The overtly second-grade-level insistence that “Leatherface can’t be girl” aside, the most galling of these arguments was an underlying implication the Texas Chainsaw series is some sort of sacred cow. Maybe the first one is, but Tobe Hooper took the cow to slaughter in 1986. Don’t read this the wrong way; I absolutely love Part 2, but that movie wasn’t about building a franchise, it was about bringing one down. That’s a good subject for a deep dive another day, but one big tip-off is the scene where Dennis Hopper repeatedly screams “I’m bringing it all down.” Even if the series was a sacred cow – the selection of the next Leatherface announced via smokestack – that shouldn’t preclude an honest conversation about seriously changing things up.
Nostalgia is great. Familiarity is fine. But Horror is at its best when it’s showing us something we’ve never seen before. Previously unexplored angles and aspects of human suffering, both psychological and physiological. New images, new ideas… New icons. The Texas Chainsaw series has struggled to bring anything new or truly noteworthy to the table for a while now, and none of this is to say making Leatherface a woman would be an instant fix. It wouldn’t. But it would provide a much-needed new opportunity to explore a truly different version of the character.
Some of the perception around ‘gender-swapping’ a character like Leatherface is mired in the misconception they would be the exact same, “but a woman now.” This is a lazy and narrow field of vision.

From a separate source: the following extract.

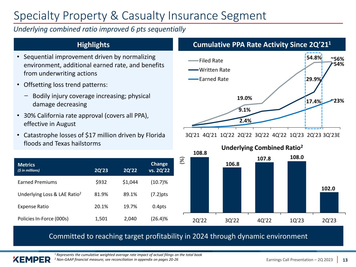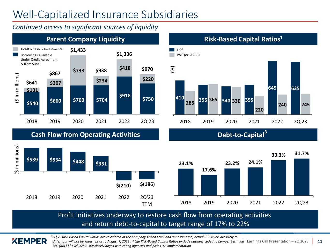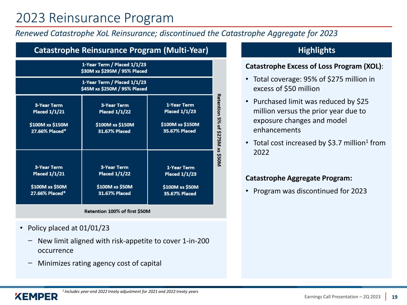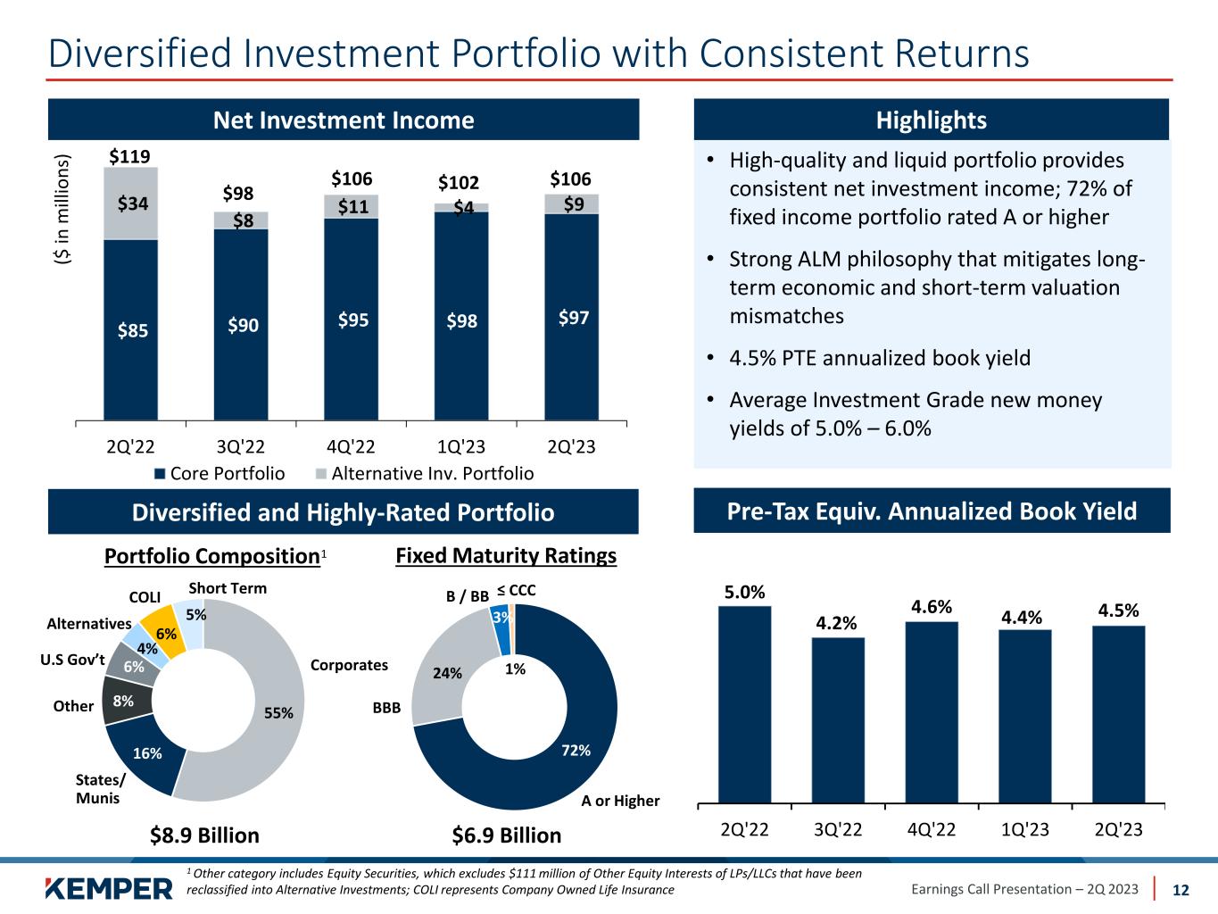 Earnings Call Presentation – 2Q 2023 Preliminary Matters 2 Cautionary Statements Regarding Forward-Looking Information This presentation may contain or incorporate by reference information that includes or is based on forward-looking statements within the meaning of the safe-harbor provisions of the Private Securities Litigation Reform Act of 1995. We caution investors that these forward-looking statements are not guarantees of future performance, and actual results may differ materially. Such statements involve known and unknown risks, uncertainties, and other factors, including but not limited to: • changes in the frequency and severity of insurance claims; • claim development and the process of estimating claim reserves; • the impacts of inflation; • changes in interest rate environment; • supply chain disruption; • product demand and pricing; • effects of governmental and regulatory actions; • litigation outcomes; • investment risks; • cybersecurity risks; • impact of catastrophes; and • other risks and uncertainties detailed in Kemper’s Annual Report on Form 10-K and subsequent filings with the Securities and Exchange Commission (“SEC”). Kemper assumes no obligation to publicly correct or update any forward-looking statements as a result of events or developments subsequent to the date of this presentation. Non-GAAP Financial Measures This presentation contains non-GAAP financial measures that the company believes are meaningful to investors. Non-GAAP financial measures have been reconciled to the most comparable GAAP financial measure.
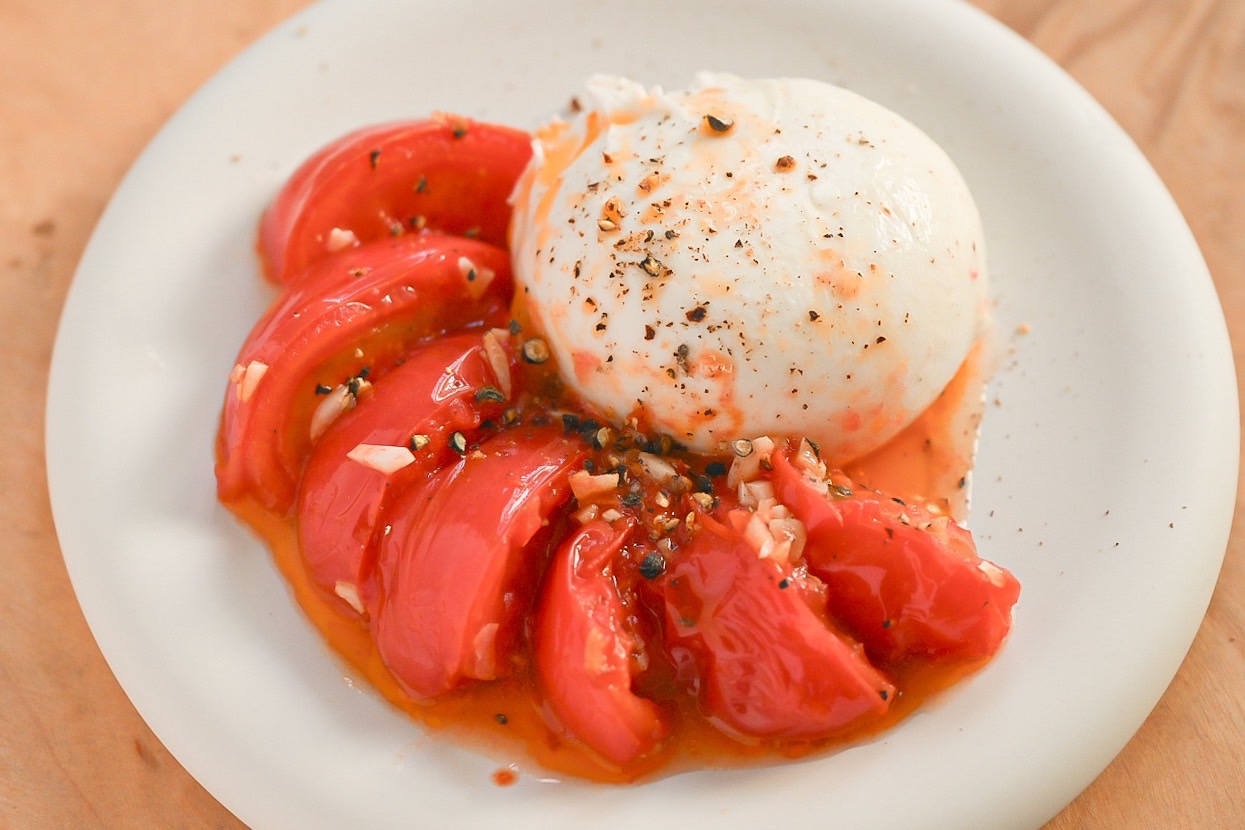 5. 皿にブッラータ、トマトをのせ、フライパンに残ったオイルと粗挽き黒こしょうをかけて完成。

In truth, changing Leatherface’s gender would fundamentally alter the character’s perspective and motives from the jump because the experience of a girl growing up in the environment and circumstances that created such a maniac would be vastly different than that of a boy. This is a person disfigured and damaged to the point where wearing human skin as a mask seems like the proper thing to do. While previous iterations of Leatherface likely benefitted from being raised in a family consistently depicted as highly patriarchal in nature, a female member of the Sawyer clan would have to be twice as vicious and half as vulnerable as her male counterpart to earn the acceptance of her cannibalistic kin.
What kind of person would that perfect storm of deformity, desperation and depravity create, and what would be left of whoever encountered her? This very concept is fresher and more interesting than anything these movies have done in a generation, and Kim Henkel once brought the Illuminati onboard.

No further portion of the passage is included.